Gli aggiornamenti su privacy e trattamento dati di Facebook sono stati introdotti secondo il discutibile metodo del consenso informato tramite sondaggio d’opinione. Temi quali il trattamento dei dati da parte di terzi e lo sfruttamento commerciale delle attività sociali per annunci sponsorizzati sono stati demandati a un lungo e complesso dedalo di documenti. La FTC, però, è dell’avviso che questa modalità vìoli l’accordo siglato nel 2011, secondo il quale gli utenti devono dare il loro consenso esplicito a questo tipo di sfruttamento dei dati.
Il problema del consenso
Il portavoce della FTC è rimasto abbastanza abbottonato sulla questione, ammettendo soltanto che «Facebook non ha mai cercato una discussione anticipata con noi su queste modifiche proposte, stiamo monitorando la conformità con il regolamento», ma è evidente come ancora una volta il social abbia concentrato su di sé una battaglia per la privacy. Il problema del consenso è dunque doppio: quello anticipato della Commissione Federale; quello preventivo dell’utente disponibile a vedere la propria immagine accostata ad una inserzione. Entrambi disattesi.

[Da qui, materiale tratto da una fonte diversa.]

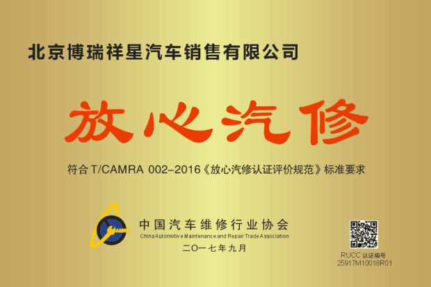 放心汽修認證證書

Il punto di vista di Facebook
Facebook aveva già spiegato in occasione della lettera alla FTC il giorno stesso della chiusura della consultazione online, di considerare le modifiche «solo un chiarimento linguistico» e che per questo non era necessario ricorrere alla FTC. Il nuovo testo afferma che gli utenti danno automaticamente a Facebook il diritto di utilizzare le loro informazioni a meno che non lo neghino espressamente (possibilità più che altro teorica). In precedenza, invece, la policy – che la FTC considera intatta – si basava sulla dichiarazione del diritto dell’utente di controllare come il proprio nome, l’immagine e le informazioni personali siano utilizzati a fini commerciali. Davvero solo una questione nominale?

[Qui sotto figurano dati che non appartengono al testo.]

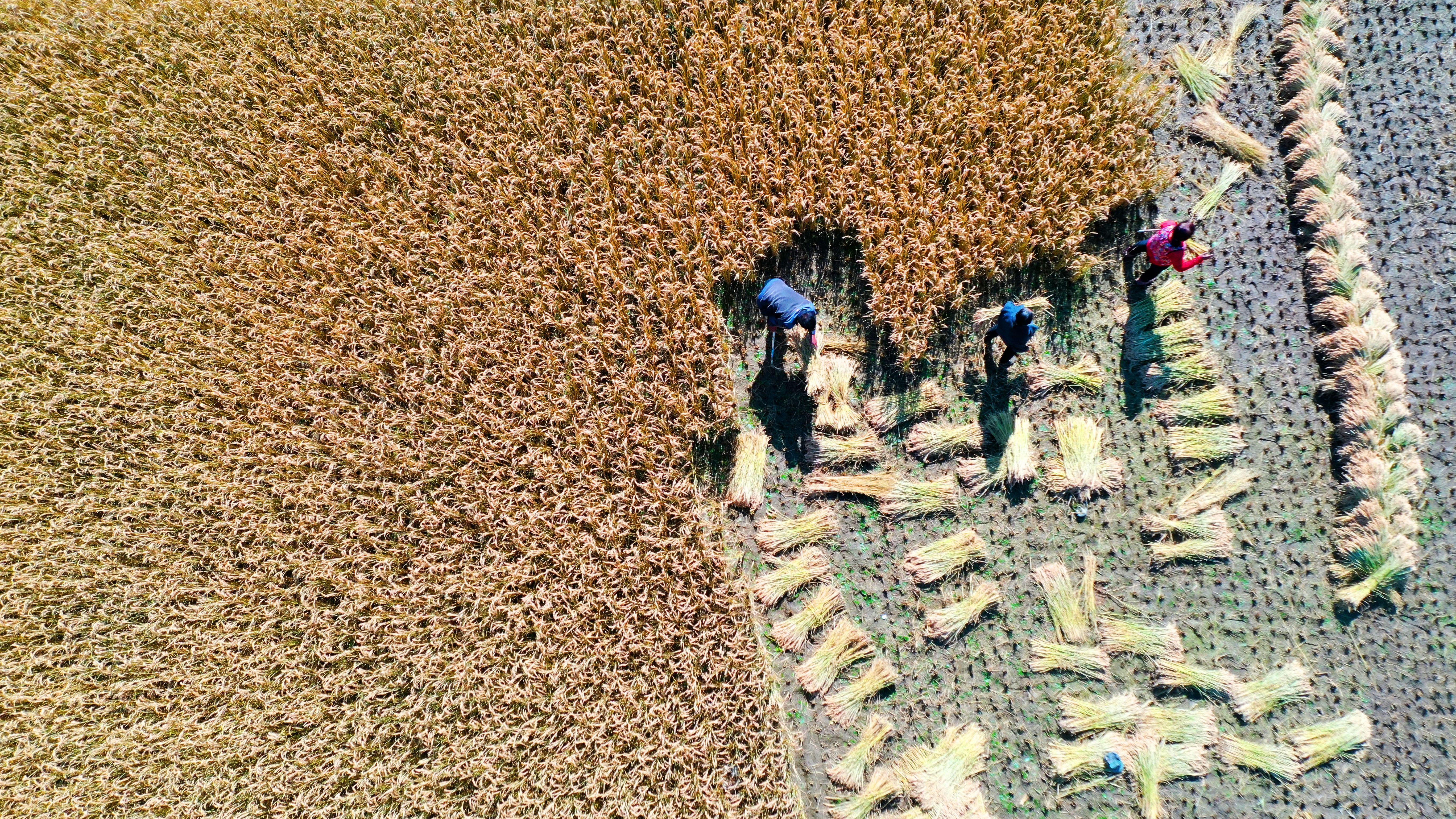 微风拂过,田间泛起层层金色波浪,随处可见农民收割水稻的身影,农户告诉记者,今年的水稻颗粒饱满,亩产能超千斤,收入过万没问题了。

Come funziona la storia sponsorizzata
In attesa di capire cosa dirà la FTC e se eventualmente chiederà a Facebook un passo indietro o un passo avanti, si può anche ammettere che l’azienda abbia ragione per comprendere cosa davvero pensa di fare con le storie sponsorizzate. Il funzionamento di questo genere di annuncio è legato ai commenti positivi di un utente, e non ai semplici “like”. Quando si esprime con un post un parere positivo su un brand (e ormai tutti o quasi sono taggabili sul social), Facebook vende al brand stesso la possibilità di creare un contenuto pubblicitario che replica quel post e lo spedisce a tutti gli amici dell’utente. La logica è semplice: se hai esplicitato un commento positivo su un prodotto che presumibilmente possono vedere tutti i tuoi amici, perché impedire al proprietario del marchio di fare lo stesso aumentando le probabilità che lo vedano?
Ovviamente, però, ci sono molte implicazioni personali, individuali, in questa tecnica di marketing, che la rendono particolarmente odiosa per gli utenti, e l’accordo del 2011 con la FTC venne proprio a seguito di alcuni problemi, scaturiti anche in un assegno di 20 milioni di dollari di Mark Zuckerberg per chiudere una class action.
Come finirà? Considerando che questa nuova policy è stata introdotta il 29 agosto, per soli sette giorni, e che ha prodotto una tempesta di proteste, una lettera alla FTC e (forse) una inchiesta, nulla di cui stupirsi se la data del 5 settembre è stata superata da qualche giorno ma la società ritarda la sua adozione.